May 2, 2011
TSG IntelBrief: Osama Bin Laden: Death of a Man, Birth of a Martyr?
In the early hours (Pakistan time) of May 2, 2011, -- and in the late hours of May 1, 2011, U.S. time - a date which will likely become as iconic as 9/11 - President Barack Obama announced that Osama bin Laden was killed near the Pakistani capital of Islamabad, following a targeted operation by U.S. Special Forces. These may have been deployed from Tarbela Ghazi - an area close to bin Laden's villa in Abbottabad - used by U.S. Marines.
The impact of this action will be profound. The shockwaves will play out across the Islamic world, and might have repercussions on us all.
First reports indicate that bin Laden's house was built some five or six years ago under the noses of the Pakistani government - there will be finger pointing that the powerful Pakistani Intelligence services must have known he was there.
India will doubtless point to the fact that Pakistan was harboring the world's most wanted man, and this shows their inherent lack of trustworthiness in the broader counter-extremist efforts.
Al Qaeda will grieve the loss of their supreme commander, but will revere him as a martyr to the cause of jihad and his dream of the creation of an Islamic Caliphate.
The decentralized nature of al Qaeda, and the existence of regional satellites who have been operating independently of al Qaeda central, means that many will be likely to continue to operate as usual.
Finally, Colonel Al-Qadhafi and his family, as well as Anwar al–Awlaki in Yemen, will have noted the U.S. attack with concern in Libya.
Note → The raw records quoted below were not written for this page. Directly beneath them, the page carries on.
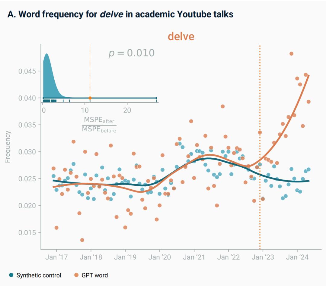 "这场语言变革的'零号病人'是单词'Delve'(钻研),"天津智核科技文化科技研究中心负责人指出,"在2022年之前,这个词几乎被冷落在字典角落,只有在非常正式的文学或学术论文中才会偶尔露面。但到了AI时代,它成为了算法最忠实的心头好,AI对这个词的偏好度比人类高出数百倍。"
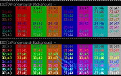 30(黑色)、31(红色)、32(绿色)、 33(黄色)、34(蓝色)、35(洋红)、36(青色)、37(白色)。
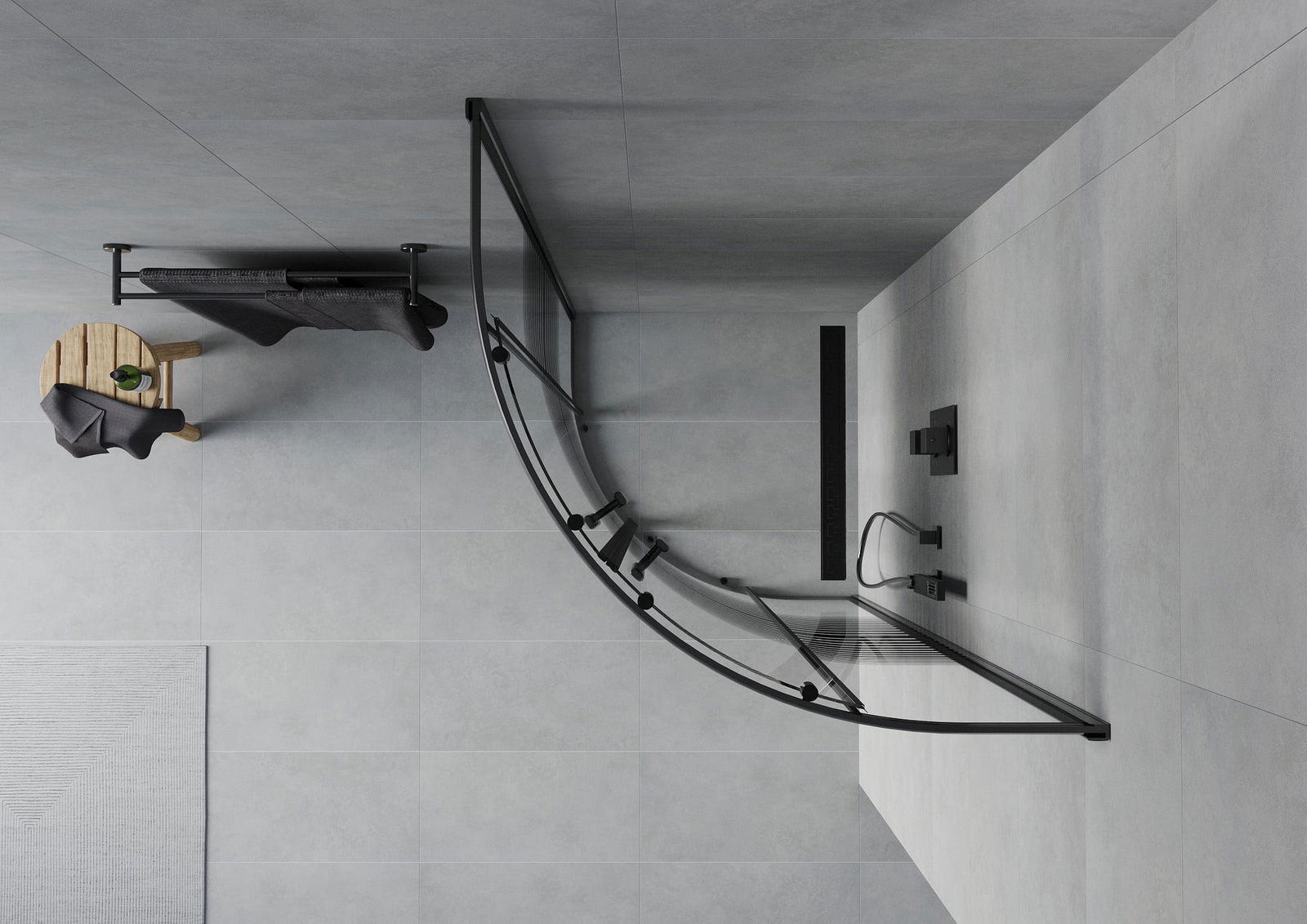 Praktická a pohodlná rukojeť je vyrobena z odolného a trvanlivého kovu. Moderní tvar ve spojení s povrchovou úpravou, která ladí s barvou profilů, dodává celku moderní a stylový vzhled, zdůrazňující estetiku každé koupelny.

They will both be contemplating the evidence before their eyes that those whom the U.S. decides to target will indeed receive the justice that the U.S. determines they should receive – however long it might take.
However, we must strike a note of caution. Although the man is dead, the myth is very much alive and will be a martyr's flag to which Al Qaeda members are likely to continue to rally.